◆ **EXERCISE BRIEF**: With the images removed, return every line below exactly as it reads.

◆ **DATA EXCERPT**:
****************

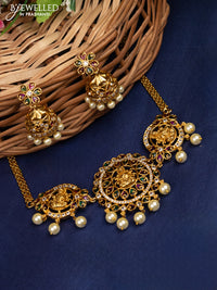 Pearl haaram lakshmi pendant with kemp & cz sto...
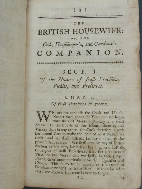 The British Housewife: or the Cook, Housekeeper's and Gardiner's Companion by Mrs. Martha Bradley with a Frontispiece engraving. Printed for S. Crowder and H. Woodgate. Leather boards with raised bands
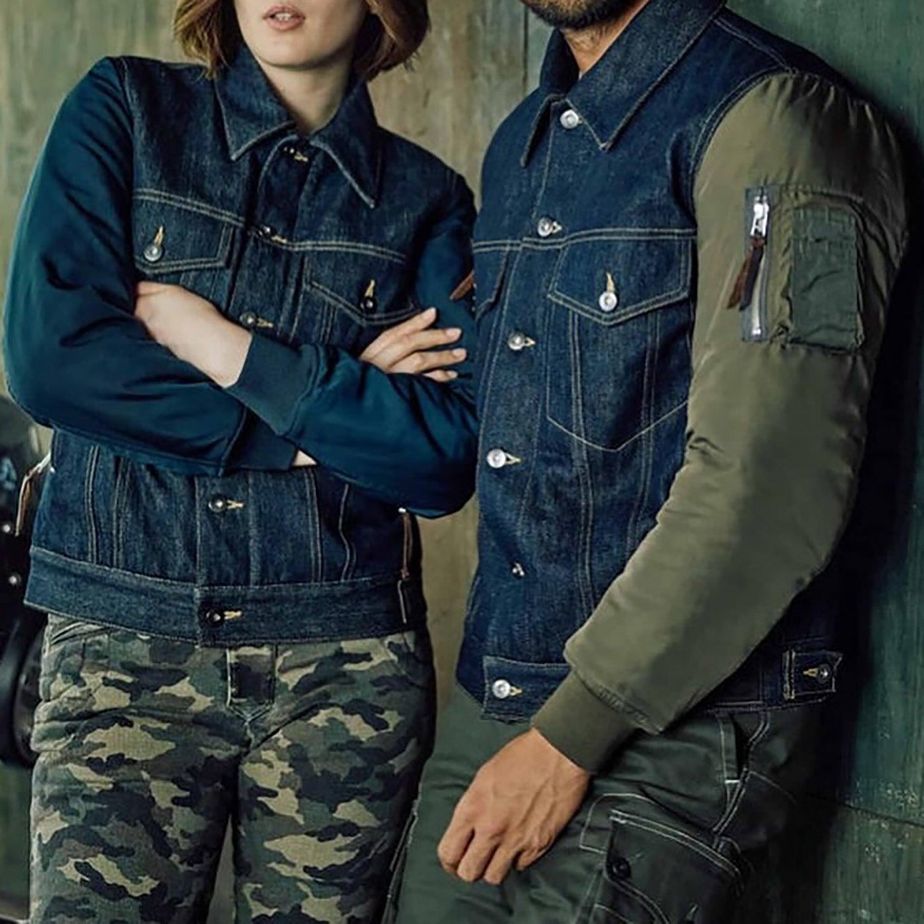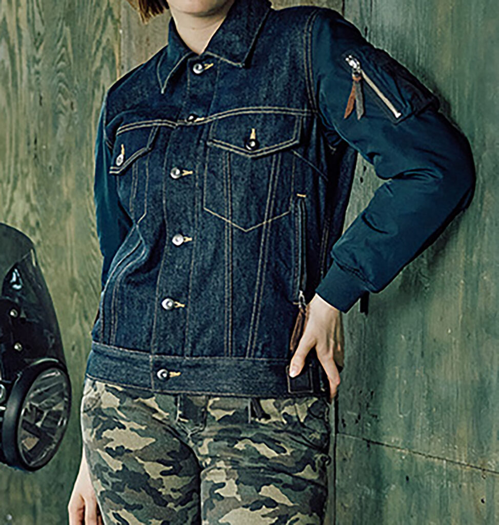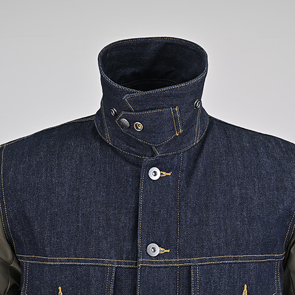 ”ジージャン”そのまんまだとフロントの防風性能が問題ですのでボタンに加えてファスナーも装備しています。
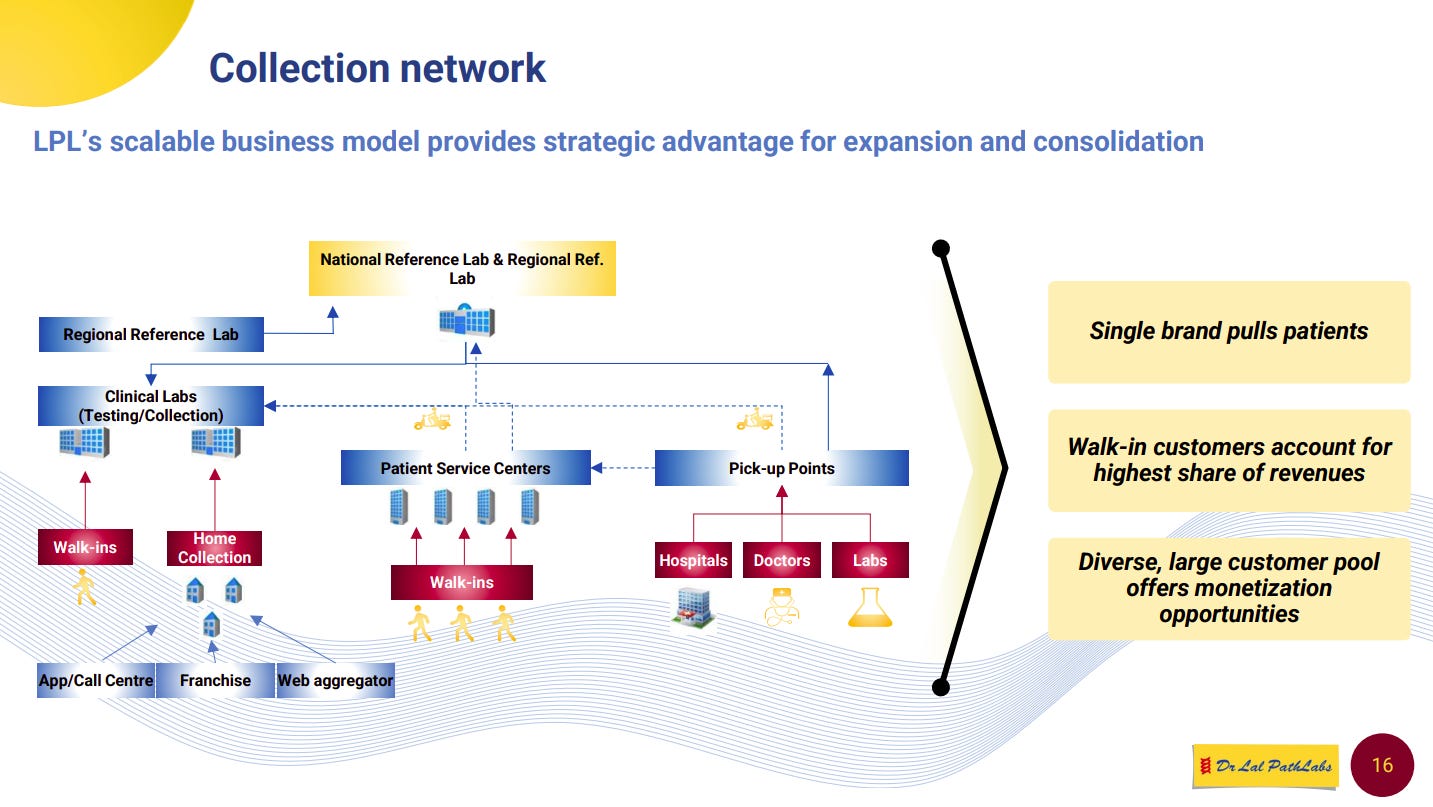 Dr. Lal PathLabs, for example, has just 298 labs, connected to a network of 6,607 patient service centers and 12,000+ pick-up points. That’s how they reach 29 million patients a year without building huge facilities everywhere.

****************

◆ **ANSWER SPACE**:
 Pearl haaram lakshmi pendant with kemp & cz sto...
 The British Housewife: or the Cook, Housekeeper's and Gardiner's Companion by Mrs. Martha Bradley with a Frontispiece engraving. Printed for S. Crowder and H. Woodgate. Leather boards with raised bands
 ”ジージャン”そのまんまだとフロントの防風性能が問題ですのでボタンに加えてファスナーも装備しています。
 Dr. Lal PathLabs, for example, has just 298 labs, connected to a network of 6,607 patient service centers and 12,000+ pick-up points. That’s how they reach 29 million patients a year without building huge facilities everywhere.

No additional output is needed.